● **TASK TO COMPLETE**: If a picture appears in the records below, drop it, and reproduce everything else exactly.

● **SUPPLIED RECORDS**:
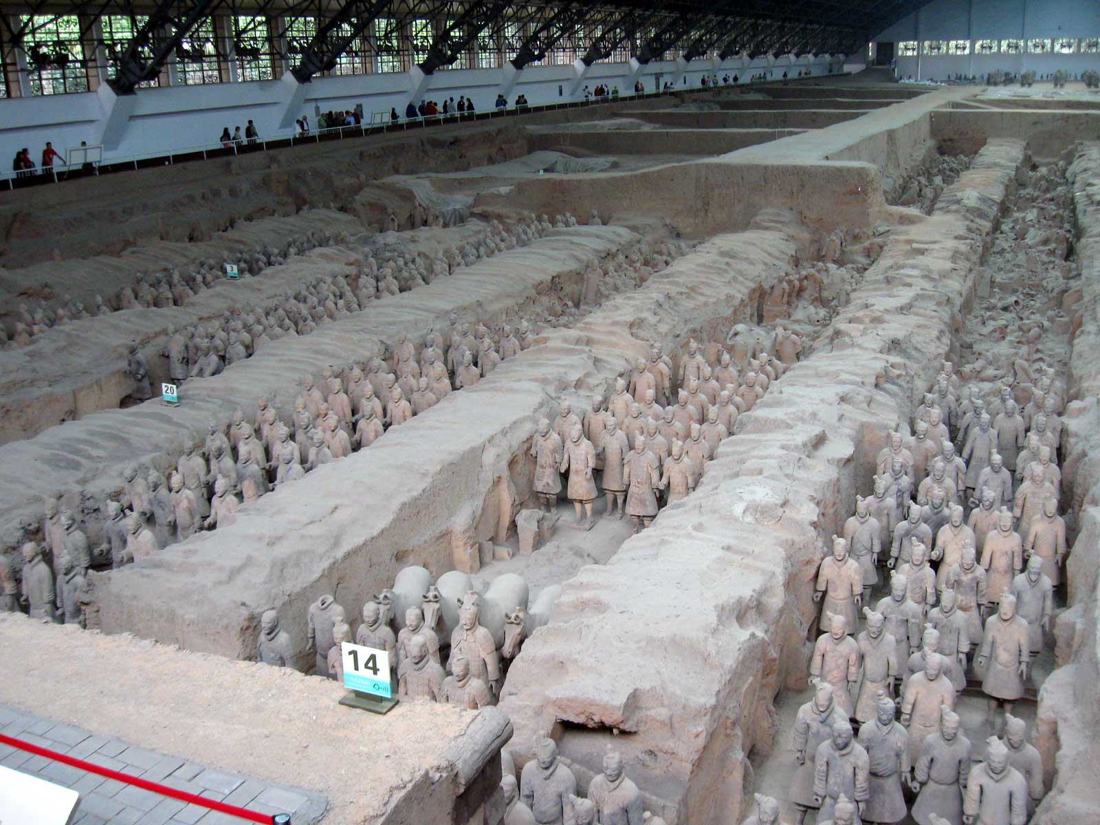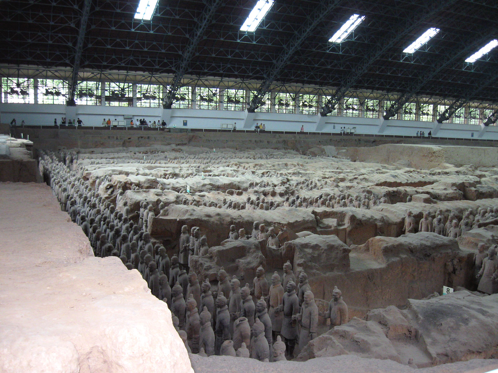 ![]() X'ian terracotta soldiers were found in 1974 by Mr. Yong, who was digging a well. There are some 6,000 soldiers in "Pit 1", guarding the "First Emperor" and more in "Pit 2" and "Pit 3". All of them are as tall as a tall man ... for a sense of scale, please note that there are people walking on the walkway above! Click for a large image. |
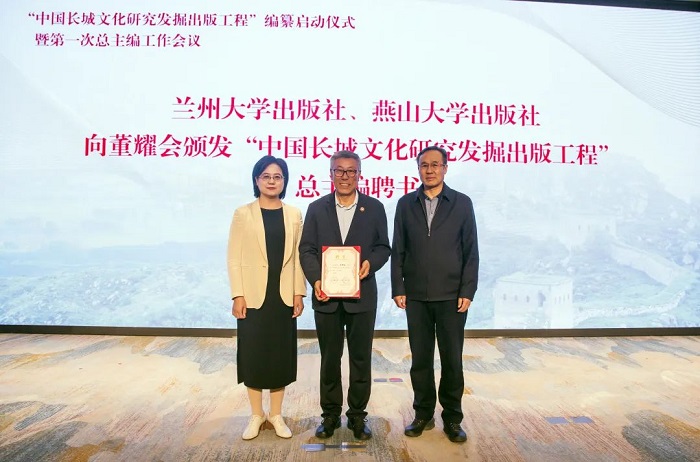 兰州大学出版社、燕山大学出版社向董耀会颁发“中国长城文化研究发掘出版工程”总主编聘书
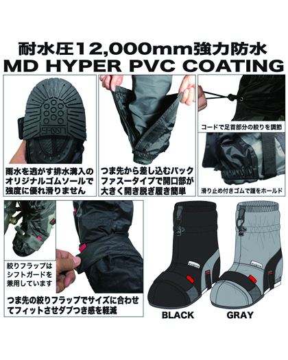 雨の侵入を防ぎながらも大きくなり過ぎないミドル丈のブーツカバーです。踵側が大きく開くので履きやすく急な雨でもスムーズに装着で着ます。滑りを防ぐゴムソール
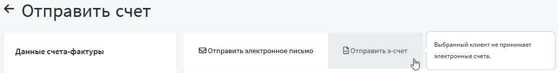 Для отправки счета нажмите кнопку «Отправить э-счет». Счет будет отправлен в портал оператора э-счетов клиента, откуда он будет доставлен в бухгалтерское программное обеспечение клиента.
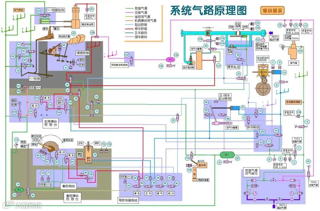 所以我们对84号和85号阀进行拆检,电磁线圈检查测量。通过解体以上阀,结果是电磁阀和双位止回阀的阀芯无明显卡阻现象,仅电磁阀阀芯的一密封较松弛(密封的作用是分隔气腔)能自由倒出,似乎不严密。为了有一个比较,在装复阀板时,将停车电磁阀(84)和起动电磁阀(90)互换安装。主机试车发现,仍然是集控室正常,驾控不能启动运行。现在问题很明显就是集控室不能转驾控,遥控控制系统相关气动阀件可以确认没有问题,那么问题到底出在哪里呢?是否是相关电信号传送问题?
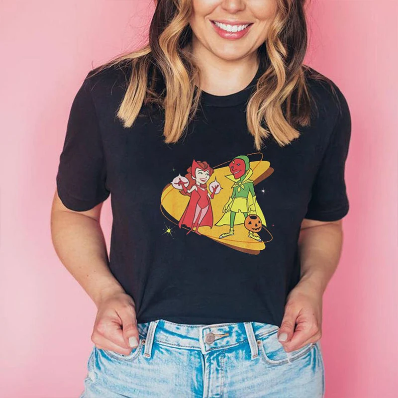 WandaVision Ретро Женская футболка забавная Скарлет ведьма Графический Тройник Wanda & Vision Ретро 80s Винтажная Футболка хипстер Топ дропшиппинг
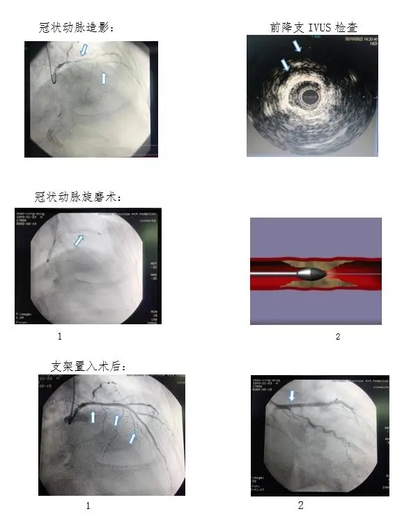 经与患者及家属沟通,心内科认真分析,充分讨论后决定为患者行冠状动脉旋磨术处理近中段重度钙化病变,开通冠状动脉后再行支架置入治疗。旋磨术与以往的冠脉介入手术的方式一样,也是局部麻醉,老人全程清醒,只需要安静地平卧于手术台上。医生在其穿刺部位皮下注射利多卡因,然后进行动脉穿刺,留置鞘管,再通过鞘管输送手术所需要的各种导管、导丝等介入器材。一切准备就绪,心内科在血管内超声指引下,采用高速旋磨头以分次旋磨的方法,凭借着高超精准的手法、细心认真的操作,成功为老大爷清除了冠脉内的钙化斑块最严重的部分,使狭窄的管腔变大,内膜变光滑,成功置入支架,让前降支血流恢复正常,手术顺利完成。术后,患者顺利康复出院心脏耐力明显升高,能下床进行日常活动。目前已康复出院。
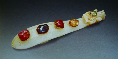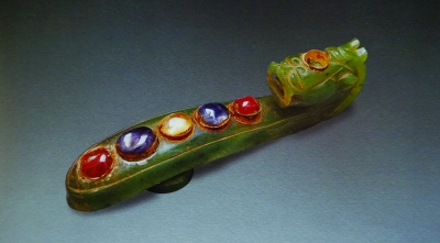 晚明玉带钩型制具有自身的时代特点,大量使用动物、植物造型,如琵琶形、螳螂肚形、条形、圆棒形等,这些造型基本来源于上古时代。高濂指出,“若指南人蚩托轴辂饰诸具,弁星蚩牛环、螳螂钩、辘轳环、螭彘、蟠螭环、商头钩、双螭钩、玉套管、璩环、带钩、拱璧,皆王侯舆服之饰也。”(《燕闲清赏笺》上卷)又屠隆、文震亨等提出,“古铜腰束绦钩,有金、银、碧瑱嵌者,有用兽为肚者,皆三代物也。有羊头钩、螳螂捕蝉钩鏒金者,皆秦汉物也。”(《长物志》卷七·钩)由此看出,晚明玉带钩蟠螭、螳螂、羊头等兽形纹样,皆是仿上古而作,另有花草纹样装饰的带钩则是元朝之遗风。晚明玉带钩造型尤以龙首蟠螭组合常见,龙首带钩具有双脚后抿、双眼突出的特点,蟠螭的头多呈三角形,额头较宽,尾巴分卷,钮矮而贴体背。明定陵出土的3件玉带钩可视为晚明时期的代表作,其中两件为龙形玉带钩,一件为羊首形玉带钩,器物材质分别为金镶宝石玛纳斯碧玉、金镶宝石白玉和水晶三种。两件龙首玉带钩有别于他者之处,是在龙首、钩身上镶嵌各色宝石若干,钩身以红宝石、蓝宝石、透明宝石进行装饰,龙首则镶嵌祖母绿。宝石下面均为圆棱形金托,托底有两孔,用于穿金丝与带钩上的对穿孔连接。另外一件羊首水晶带钩,钩身布满云絮状杂纹,似是羊毛般附着羊身。用料之考究,制作之精良,是晚明其他玉带钩所不及的。
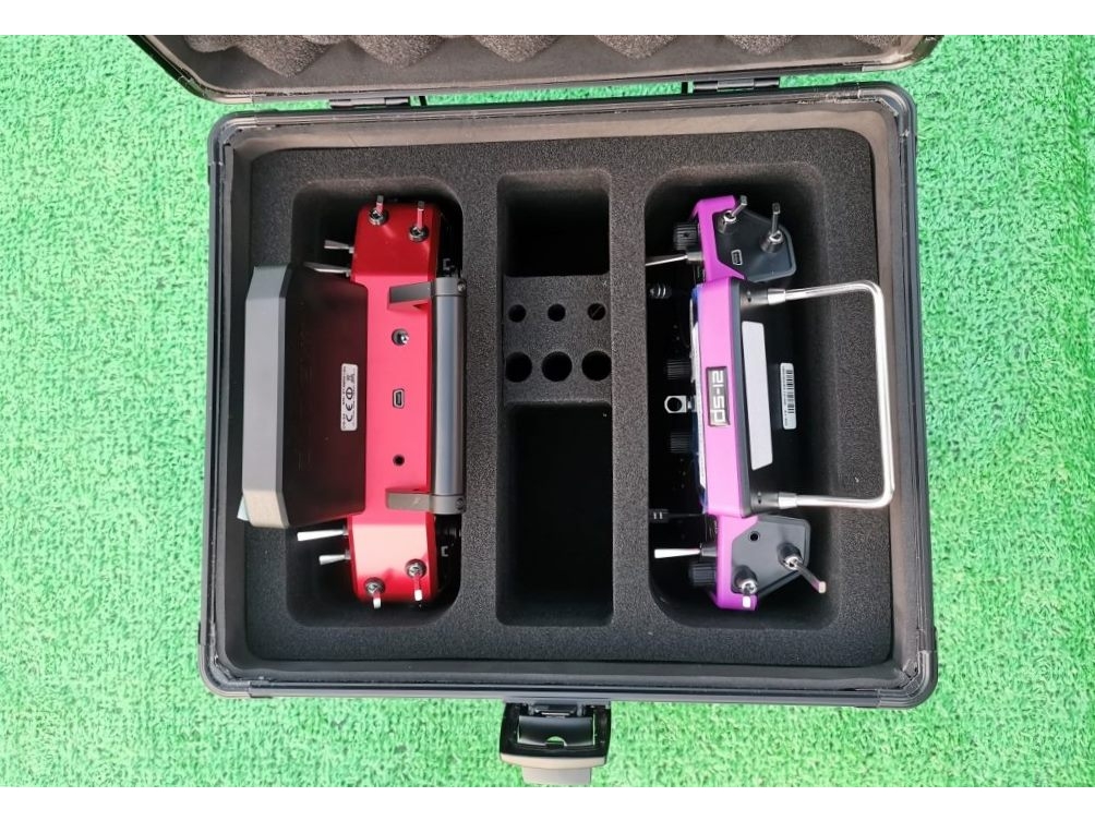 Dieser aus Aluminium gefertigte Senderkoffer bietet Platz für zwei Fernsteuerungen und weiteres Zubehör wie Sender-Gurt und Schraubendreher.
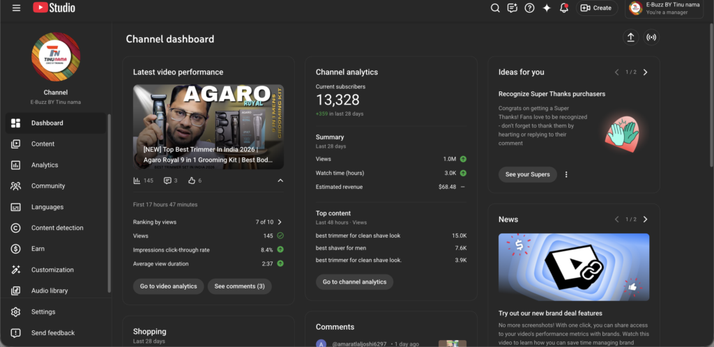 Worked on YouTube SEO for trimmer-related videos to improve search visibility.

● **EXERCISE ANSWER**:
 ![]() X'ian terracotta soldiers were found in 1974 by Mr. Yong, who was digging a well. There are some 6,000 soldiers in "Pit 1", guarding the "First Emperor" and more in "Pit 2" and "Pit 3". All of them are as tall as a tall man ... for a sense of scale, please note that there are people walking on the walkway above! Click for a large image. |
 兰州大学出版社、燕山大学出版社向董耀会颁发“中国长城文化研究发掘出版工程”总主编聘书
 雨の侵入を防ぎながらも大きくなり過ぎないミドル丈のブーツカバーです。踵側が大きく開くので履きやすく急な雨でもスムーズに装着で着ます。滑りを防ぐゴムソール
 Для отправки счета нажмите кнопку «Отправить э-счет». Счет будет отправлен в портал оператора э-счетов клиента, откуда он будет доставлен в бухгалтерское программное обеспечение клиента.
 所以我们对84号和85号阀进行拆检,电磁线圈检查测量。通过解体以上阀,结果是电磁阀和双位止回阀的阀芯无明显卡阻现象,仅电磁阀阀芯的一密封较松弛(密封的作用是分隔气腔)能自由倒出,似乎不严密。为了有一个比较,在装复阀板时,将停车电磁阀(84)和起动电磁阀(90)互换安装。主机试车发现,仍然是集控室正常,驾控不能启动运行。现在问题很明显就是集控室不能转驾控,遥控控制系统相关气动阀件可以确认没有问题,那么问题到底出在哪里呢?是否是相关电信号传送问题?
 WandaVision Ретро Женская футболка забавная Скарлет ведьма Графический Тройник Wanda & Vision Ретро 80s Винтажная Футболка хипстер Топ дропшиппинг
 经与患者及家属沟通,心内科认真分析,充分讨论后决定为患者行冠状动脉旋磨术处理近中段重度钙化病变,开通冠状动脉后再行支架置入治疗。旋磨术与以往的冠脉介入手术的方式一样,也是局部麻醉,老人全程清醒,只需要安静地平卧于手术台上。医生在其穿刺部位皮下注射利多卡因,然后进行动脉穿刺,留置鞘管,再通过鞘管输送手术所需要的各种导管、导丝等介入器材。一切准备就绪,心内科在血管内超声指引下,采用高速旋磨头以分次旋磨的方法,凭借着高超精准的手法、细心认真的操作,成功为老大爷清除了冠脉内的钙化斑块最严重的部分,使狭窄的管腔变大,内膜变光滑,成功置入支架,让前降支血流恢复正常,手术顺利完成。术后,患者顺利康复出院心脏耐力明显升高,能下床进行日常活动。目前已康复出院。
 晚明玉带钩型制具有自身的时代特点,大量使用动物、植物造型,如琵琶形、螳螂肚形、条形、圆棒形等,这些造型基本来源于上古时代。高濂指出,“若指南人蚩托轴辂饰诸具,弁星蚩牛环、螳螂钩、辘轳环、螭彘、蟠螭环、商头钩、双螭钩、玉套管、璩环、带钩、拱璧,皆王侯舆服之饰也。”(《燕闲清赏笺》上卷)又屠隆、文震亨等提出,“古铜腰束绦钩,有金、银、碧瑱嵌者,有用兽为肚者,皆三代物也。有羊头钩、螳螂捕蝉钩鏒金者,皆秦汉物也。”(《长物志》卷七·钩)由此看出,晚明玉带钩蟠螭、螳螂、羊头等兽形纹样,皆是仿上古而作,另有花草纹样装饰的带钩则是元朝之遗风。晚明玉带钩造型尤以龙首蟠螭组合常见,龙首带钩具有双脚后抿、双眼突出的特点,蟠螭的头多呈三角形,额头较宽,尾巴分卷,钮矮而贴体背。明定陵出土的3件玉带钩可视为晚明时期的代表作,其中两件为龙形玉带钩,一件为羊首形玉带钩,器物材质分别为金镶宝石玛纳斯碧玉、金镶宝石白玉和水晶三种。两件龙首玉带钩有别于他者之处,是在龙首、钩身上镶嵌各色宝石若干,钩身以红宝石、蓝宝石、透明宝石进行装饰,龙首则镶嵌祖母绿。宝石下面均为圆棱形金托,托底有两孔,用于穿金丝与带钩上的对穿孔连接。另外一件羊首水晶带钩,钩身布满云絮状杂纹,似是羊毛般附着羊身。用料之考究,制作之精良,是晚明其他玉带钩所不及的。
 Dieser aus Aluminium gefertigte Senderkoffer bietet Platz für zwei Fernsteuerungen und weiteres Zubehör wie Sender-Gurt und Schraubendreher.
 Worked on YouTube SEO for trimmer-related videos to improve search visibility.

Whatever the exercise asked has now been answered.